Dead. Some evils are so great that they transcend death. In Brandon Massey's "The Patriarch," a young writer travels to the hushed backwoods of Mississippi, where dangerous secrets surface as a generations-old feud comes to bone-chilling new life. . . Buried. The souls of the mistreated always find a way to be heard. In L.A. Banks' "Ev'ry Shut Eye Ain't Sleep," violent visions haunt a man—until he's handed an opportunity to right the wrongs of the past and prevent unspeakable acts from occurring once again. . . Forgotten. When horrors are covered up and lost, our ancestors must find a way—even in death—to tell their tales. In Tananarive Due's "Ghost Summer," ancestors haunt the nights of two children. And when a grisly discovery is made, these ancestors will make their mark on both the dead and the living. . .
Authors

A pseudonym used by Leslie Esdaile Banks, she also wrote under the names: Leslie E. Banks Leslie Esdaile Leslie Esdaile Banks Leslie Banks Alexis Grant L.A. Banks, a native Philadelphian, was a graduate of the University of Pennsylvania Wharton undergraduate program.

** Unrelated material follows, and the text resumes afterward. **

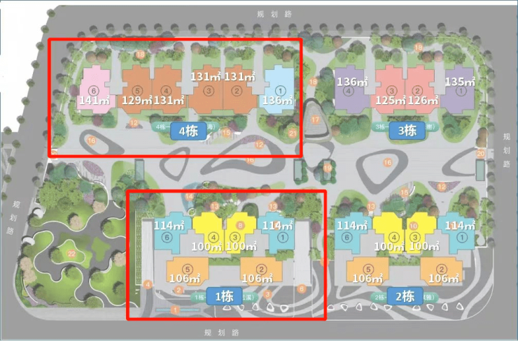 项目将规建4栋住宅楼,而届时开盘首推的为1#、4#。从示意图可以得知,首推的1#、4#已经涵盖了建面约100-141m²的三至四房。

With many awards to her credit, Banks also held a masters of fine arts degree in film and media arts from Temple University. She lived in Philadelphia with her family until she passed away on the morning of August 2, 2011. Visit L.A. Banks' page on the Macmillan website: http://us.macmillan.com/author/labanks

TANANARIVE DUE (tah-nah-nah-REEVE doo) is the award-winning author of The Wishing Pool & Other Stories and the upcoming The Reformatory ("A masterpiece"—Library Journal). She and her husband, Steven Barnes, co-wrote the Black Horror graphic novel The Keeper, illustrated by Marco Finnegan. Due and Barnes co-host a podcast, "Lifewriting: Write for Your Life!" A leading voice in Black speculative fiction for more than 20 years, Due has won an American Book Award, an NAACP Image Award, and a British Fantasy Award, and her writing has been included in best-of-the-year anthologies. Her books include Ghost Summer: Stories, My Soul to Keep, and The Good House. She and her late mother, civil rights activist Patricia Stephens Due, co-authored Freedom in the Family: A Mother-Daughter Memoir of the Fight for Civil Rights. She and her husband live with their son, Jason.

Here’s a little about me, Brandon Massey. (“Massey” is not pronounced “macy,” by the way. Think of “mass” instead.) I was born June 9, 1973, in Waukegan, Illinois. I grew up in Zion, a suburb north of Chicago. I originally self-published Thunderland, my first novel, in 1999. After managing to sell a few thousand copies on my own, Kensington Publishing Corp. in New York offered me a two-book contract, and published a new, revised edition of Thunderland in December 2002. Since then, I’ve published up to three books a year, ranging from thriller novels such as The Other Brother, to short story collections such as Twisted Tales, and anthologies such as Dark Dreams. My newest suspense thriller, Covenant, was published in November 2010. I’ve got plenty more stories in the works that I’ll publish in the coming years. I live with my family near Atlanta, GA.